In general, as most ADL instruments use the same kind of questions with the same kind of answer categories we think that this problem not only accounts for the NHIS ADL but also for other (ADL) scales (for a good overview see Choi and Pak [72]). The problem with wording was also addressed by Rodgers and Miller [73] concerning a comparative analysis of ADL questions in surveys of older people: “… it is apparent that seemingly minor differences in the wording of questions can have large effects on the proportion of elderly respondents who report difficulty or the receipt of help with specific ADLs, the proportion who report any ADL limitation, and the average number of ADL limitations”. Together, with the earlier described problem that instruments could differ in the choice of the items used, this poses a barrier for implementation of ADL lists. This was also noticed and mentioned already in 1980 by Dunt et al. [74] who pointed to the importance of including the use of aids and assistance in the answer categories of ADL lists. Unfortunately, few instruments reviewed followed that advice (as far as we could see, the SMAF, FIDS and Katz instruments do not include the use of aids in the answer categories; the Barthel mentions the use of aids while walking and climbing stairs; the NHIS ADL questions asks if and which aids are to be used). Given the number, older people that use walkers and wheeling chairs, it is an important point that should be addressed in the future.

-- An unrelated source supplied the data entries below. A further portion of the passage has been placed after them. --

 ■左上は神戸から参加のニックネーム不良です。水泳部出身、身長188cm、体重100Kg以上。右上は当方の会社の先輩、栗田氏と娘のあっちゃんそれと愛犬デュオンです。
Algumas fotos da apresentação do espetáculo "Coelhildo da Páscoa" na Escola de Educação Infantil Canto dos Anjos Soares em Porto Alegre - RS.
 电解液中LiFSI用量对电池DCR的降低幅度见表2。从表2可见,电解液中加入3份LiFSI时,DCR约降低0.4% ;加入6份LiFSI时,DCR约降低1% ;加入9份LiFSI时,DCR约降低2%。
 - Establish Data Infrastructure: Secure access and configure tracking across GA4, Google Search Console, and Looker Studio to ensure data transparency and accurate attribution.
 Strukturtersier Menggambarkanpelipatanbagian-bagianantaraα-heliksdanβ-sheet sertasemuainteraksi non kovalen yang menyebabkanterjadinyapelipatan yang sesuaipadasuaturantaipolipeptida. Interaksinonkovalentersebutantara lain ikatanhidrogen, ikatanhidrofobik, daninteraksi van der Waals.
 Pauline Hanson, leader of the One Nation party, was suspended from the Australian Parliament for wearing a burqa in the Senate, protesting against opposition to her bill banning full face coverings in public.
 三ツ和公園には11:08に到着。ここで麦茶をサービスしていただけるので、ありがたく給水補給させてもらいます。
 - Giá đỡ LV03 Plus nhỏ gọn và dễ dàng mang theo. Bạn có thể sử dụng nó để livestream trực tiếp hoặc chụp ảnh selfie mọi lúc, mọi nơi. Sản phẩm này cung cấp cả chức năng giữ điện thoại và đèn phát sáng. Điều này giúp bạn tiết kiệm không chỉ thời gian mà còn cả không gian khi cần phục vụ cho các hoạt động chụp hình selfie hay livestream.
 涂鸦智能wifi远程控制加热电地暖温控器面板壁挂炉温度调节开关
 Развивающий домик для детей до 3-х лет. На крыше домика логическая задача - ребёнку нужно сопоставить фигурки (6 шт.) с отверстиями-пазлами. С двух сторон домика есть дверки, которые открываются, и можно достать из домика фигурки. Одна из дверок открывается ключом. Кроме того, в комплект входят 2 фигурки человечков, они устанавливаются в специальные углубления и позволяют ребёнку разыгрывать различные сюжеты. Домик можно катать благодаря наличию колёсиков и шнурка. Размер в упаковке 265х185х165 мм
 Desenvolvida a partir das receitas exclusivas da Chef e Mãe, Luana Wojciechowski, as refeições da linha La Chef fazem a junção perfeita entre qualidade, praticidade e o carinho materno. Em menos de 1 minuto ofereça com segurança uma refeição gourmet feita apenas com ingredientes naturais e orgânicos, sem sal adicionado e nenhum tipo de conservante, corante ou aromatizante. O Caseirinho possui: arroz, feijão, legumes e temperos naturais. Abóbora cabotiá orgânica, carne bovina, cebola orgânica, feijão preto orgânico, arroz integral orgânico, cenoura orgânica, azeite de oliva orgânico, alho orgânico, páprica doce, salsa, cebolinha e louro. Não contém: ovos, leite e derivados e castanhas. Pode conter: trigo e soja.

Instruments developed for patient populations were excluded. We encountered a review concerning ADL lists for dementia patients by Sikkes [75] that concludes “The findings indicate that improvements in and more data on psychometric properties of (I)ADL questionnaires for dementia patients are necessary to justify their use”. This gives the same impression as our own review, namely that still lot of improvement need to be made.

An older review by Law and Letts [76] in the occupational therapy area suggests the use of home-made ADL checklists should be discontinued. The FIDS [64] is a recent home-made ADL checklist, however, it was developed in a thorough manner with enough quality for recommendation. The disadvantage is that it has only been utilized in research on Japanese populations.

Conclusion

In conclusion, only a few well-documented valid and reliable measures for ADL in populations of community-dwelling older people exist. Critical reflection in this field is necessary to avoid unnecessary modifications and the use of instruments that have not been documented to be valid and reliable. We recommend the SMAF and the FIDS in ADL screening and assessment. The Barthel Index and the 5-item list Katz inventory may be used with care concerning wording and items included.